– Да, конечно, Хосе Сильвестру, – сказал капитан Гуд.
– Да, Хосе Сильвестру или, лучше сказать, его тень: от него остались только кожа да кости. Лицо у него пожелтело, как лимон, от желтой лихорадки, и исхудал он так, что его черные глаза точно выскочить хотели вон из головы; волосы совсем побелели. – «Воды! воды!» – простонал он, и тут я заметил, что губы у него совсем растрескались и пересохли и даже язык почернел от жажды; просто страшно было смотреть. Я принес ему воды, разбавленной молоком, и он начал пить огромными глотками, с жадностью. Кажется, он готов был пить без конца, но только очень-то много я ему не дал сразу. После того с ним опять сделался жестокий приступ лихорадки, он упал в полном изнеможении и начал бредить как безумный, толкуя про Сулимановы горы, про алмазы и пустыню. Я перенес его к себе в палатку и сделал для него все, что мог; да только что уж тут сделаешь – сейчас было видно, к чему идет дело! На рассвете просыпаюсь, гляжу – а он сидит на постели, чудной такой, худой, весь иссохший, и смотрит так пристально в ту сторону, где виднеется пустыня сквозь утренний сумрак. В эту минуту первые лучи восходящего солнца ударили по ту сторону широкой равнины и озарили высочайшую вершину Сулимановых гор далеко, далеко, за сотни миль от нас. – Вот они! Вот они! – закричал умирающий, протягивая к пустыне длинную, исхудалую руку. – А я так никогда и не дойду до них, никогда, никогда… И никто, никто не дойдет.
Тут он умолк и задумался. Казалось, он принимает какое-то решение.
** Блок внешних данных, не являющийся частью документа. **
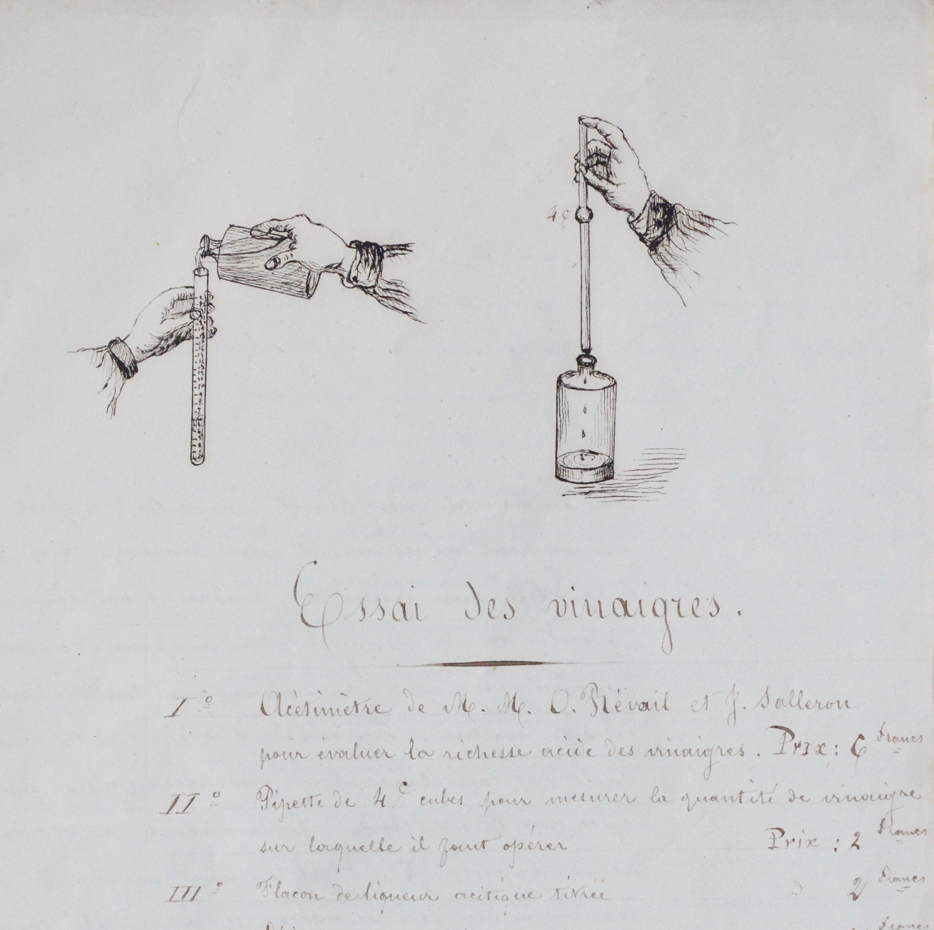-"Essai des vinaigres", avec l'Acétimètre de M.M. O. Révail et J. Salleron fait pour évaluer la richesse acide des vinaigres. Instrument complet avec accessoires. 30 francs.

– Друг, – промолвил он внезапно, обращаясь в мою сторону, – ты здесь? Мое зрение становится смутно… я тебя не вижу. – Здесь, говорю, лежите себе спокойно и постарайтесь уснуть. – Нет, говорит, скоро я усну навеки, тогда успею лежать спокойно – целую вечность буду лежать! Послушай, я умираю… Ты сделал мне много добра. Я отдам тебе документ. Может быть, ты и дойдешь, если только удастся благополучно пройти ту пустыню, которая убила меня и моего бедного слугу. – Тут он порылся у себя за пазухой и вытащил оттуда какую-то вещь, которая показалась мне похожей на табачный кисет из шкуры антилопы, точно такой, какой обыкновенно носят буры[5]. Он был крепко завязан бечевкой, которую бедняга никак не мог развязать.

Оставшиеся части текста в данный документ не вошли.